Enabling Techniques for the Development of a Novel Class of Protein Antibiotics

The quality of medical care has widely benefited from the introduction of antibiotic agents, both anti-infective and anti-neoplastic, which have been central to the increase in life expectancy and our quality of life. A serious and growing problem with their extensive use, however, is the growing rate of drug resistance phenomena; a problem compounded by the fact that the development of new drugs is lagging. We risk losing the benefits gained from these drugs and any new class of antibiotic agent that can contribute to novel therapeutic options is a valid pursuit.

Resistance of pathogens to antibiotics is a major threat to public health and safety, increasing the risk of mortality, especially in hospital settings. The increased aging of the population in the developed world means that an ever greater proportion develops infections and neoplasias of different types. Currently the market for antibiotic agents is dominated by small molecule classes, which are all facing increased drug resistance and requiring product differentiation. While this remains a primary focus in anti-infectives and anti-tumour development, new concepts for entirely new classes of substances opening novel therapeutic options are essential.

The ET-PA project focused on the implementation of a generic platform to enable the development of a new class of protein-antibiotics; rationally modified, single-chain class II restriction enzymes (RE) fused to cell penetration peptide sequences (PP). These REPP compounds allow selective target cell penetration and inactivation. The power of the REPP principle is that it lends itself equally to the development of potential antimicrobial agents and powerful anti-neoplastic leads; the selective factor is the specific PP. The key technology behind this platform is based on inventions proprietary to the participating SMEs that enabled maximal freedom to operate during the entire ET-PA program:
(i) REPP principles and their application by Adriacell;
(ii) isolation and purification via the novel CIM chromatographic techniques provided by Biasep.

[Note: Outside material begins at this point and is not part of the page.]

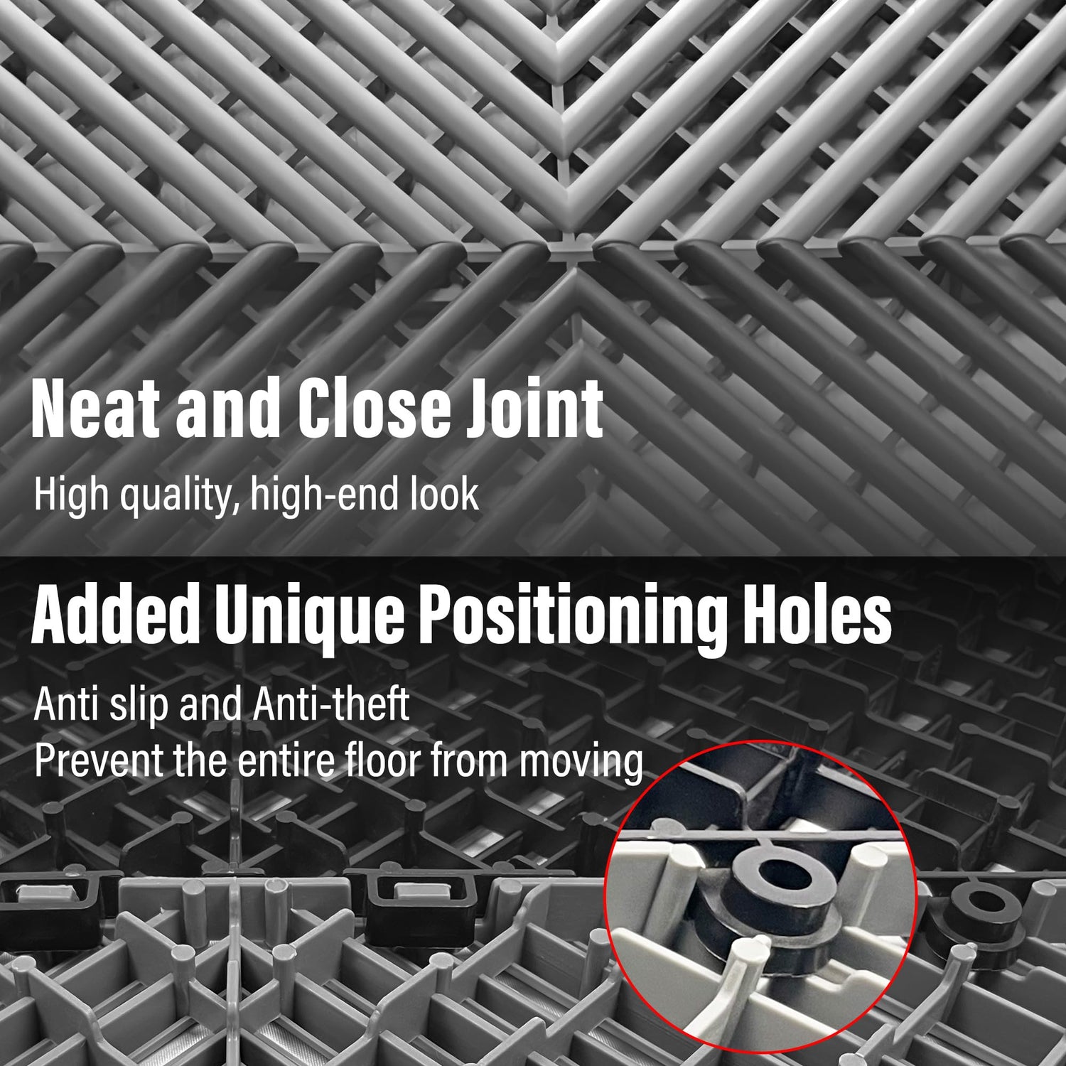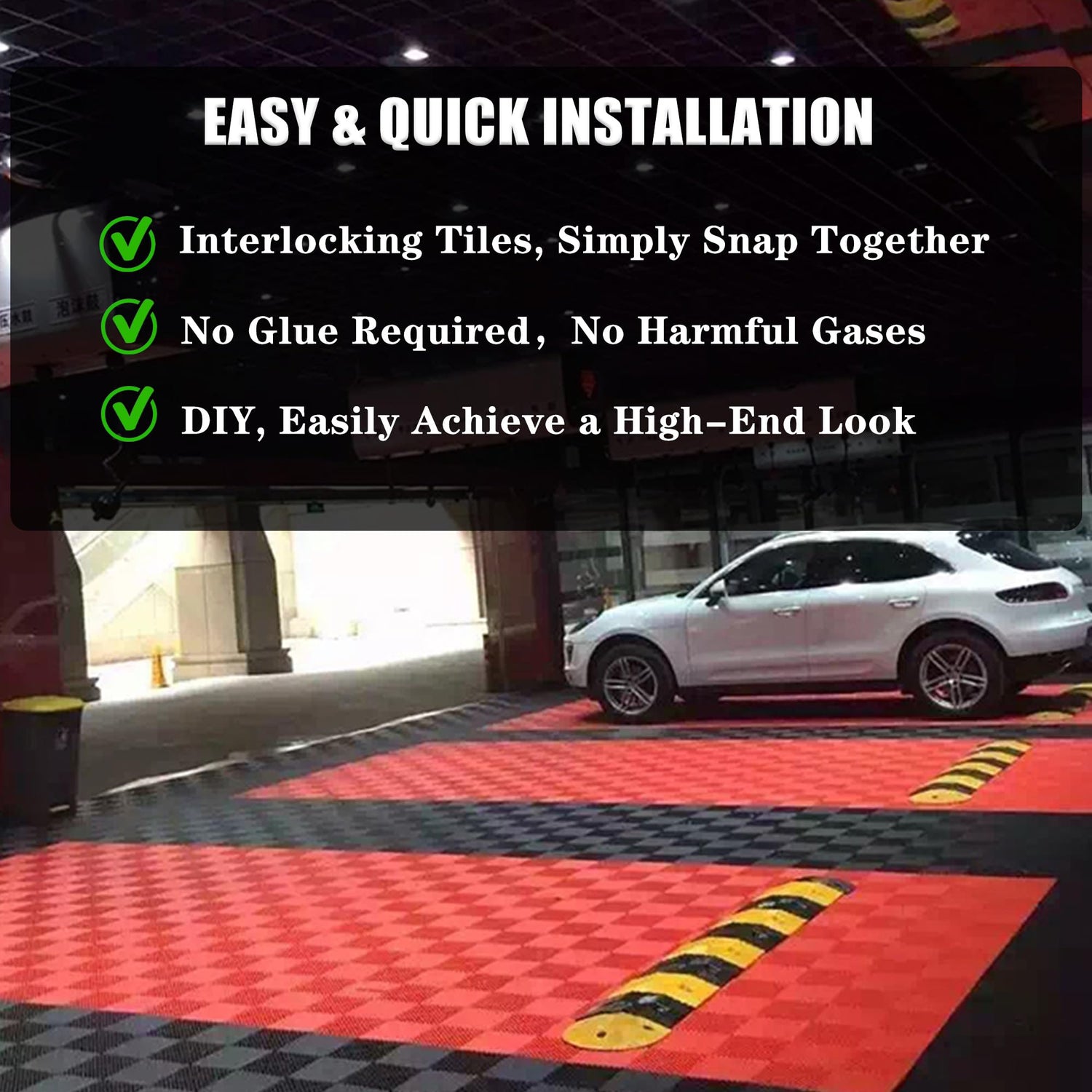 - Multipurpose Floor Tile:The material of our garage flooring tile is waterproof and the surface is treated by frosting, with very good slip resistance.They are ideal for both indoor and outdoor use,such as garage,car-washing center,warehouse,4s show room,balcony,deck,etc.

The ET-PA project brought together three SMEs (Adriac, Biasep and HECUS) and two RTD performers (UTS-BC and Ubimmi) from four different European countries, which are leaders in their field. An outcome of the project was the creation and testing of a solid R&D network that will continue to collaborate in the future. The primary scientific and technological outcome was the successful development of a technology platform that allows for the construction and screening of large REPP protein libraries. This platform will be applied for further lead development, not only with respect to antibacterial REPPs, but also with respect to the third generation of analogous REPP compounds under an ongoing tumour-therapeutic developments program in one of the SMEs, Adriac. In constructing the REPP platform that was the central ET-PA objective, all SME partners gained profitable value added to their businesses. REPP platform development also brought about consolidated prototypes for CIM monolytic purification device applications in high throughput (HT) genomics and proteomics, benefiting the producer Biaseparations, as well as Adriacell. The interdisciplinary nature of the project also created the critical mass for entry into the medical applications market for the third SME in designing thermo-elements and software for the existing small angle X-ray scattering device pallet of the company and allows them now to leverage their share in the growing proteomics and genomics R&D market. The RTD partners contributed design features, helped characterise and validate REPP constructs and CIM devices and conducted assay development and screening.

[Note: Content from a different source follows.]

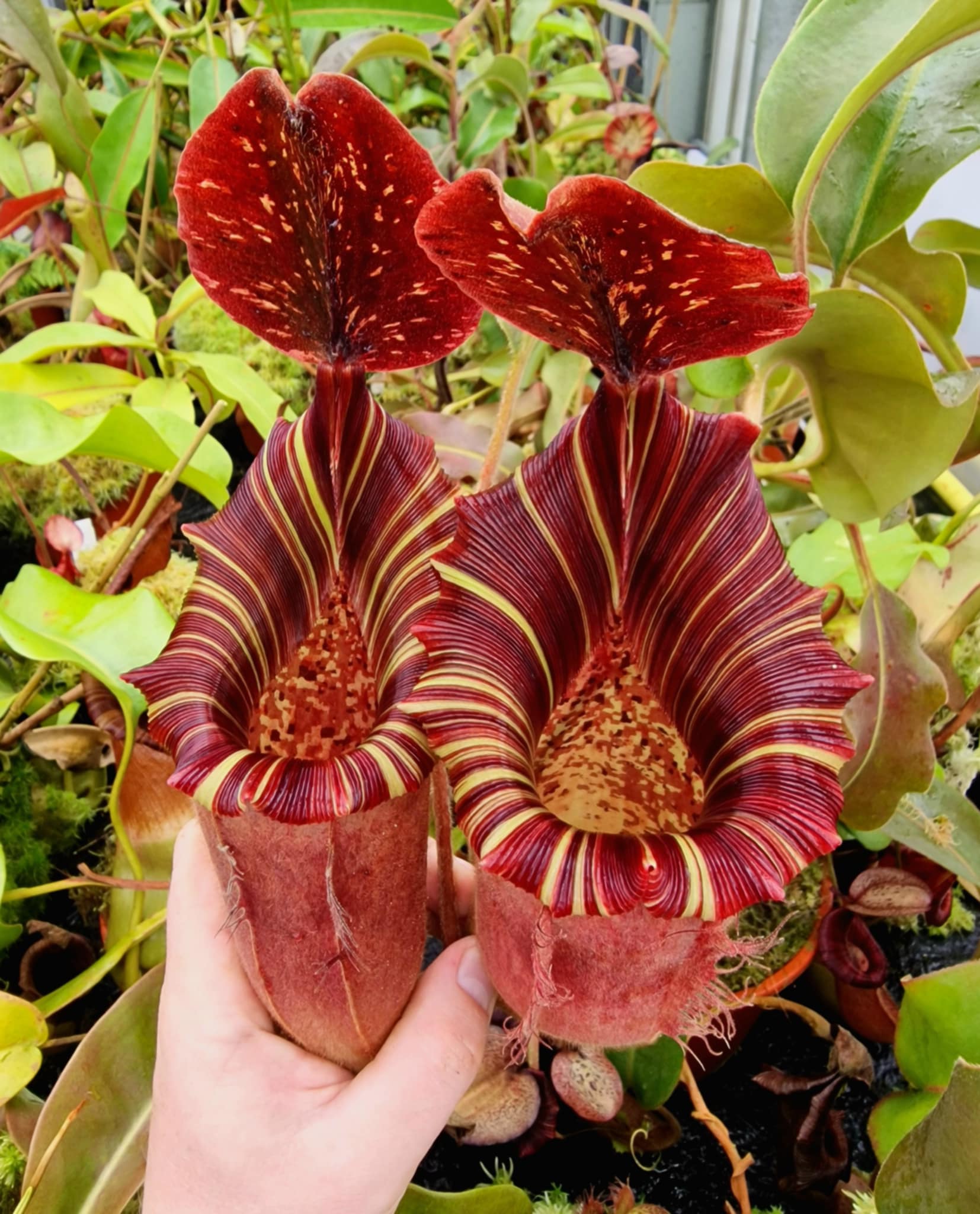 A spectacular multi-species hybrid combining the dramatic features of lowii, veitchii and boschiana.

REPP technology is now strongly supported by the successful A venture round of the coordinating SME, Adriac, whose success depended in significant measure on the activities of the ET-PA project. The successful application of CIM technology during the project allows Biasep to access the biotech market, and along these lines the potential HT applications can also be considered a successful outcome of ET-PA. The third SME, Hecus, has grown by acquisition of a complementary company during the ET-PA period and has now the critical mass and in house expertise to further integrate instrumentation developed during ET-PA outcome into their product portfolio. RTD partners have instead been able to develop methods and find exploitable outcomes for their ongoing studies, contributing also to dissemination of some results via publications in international journals and technical handbooks.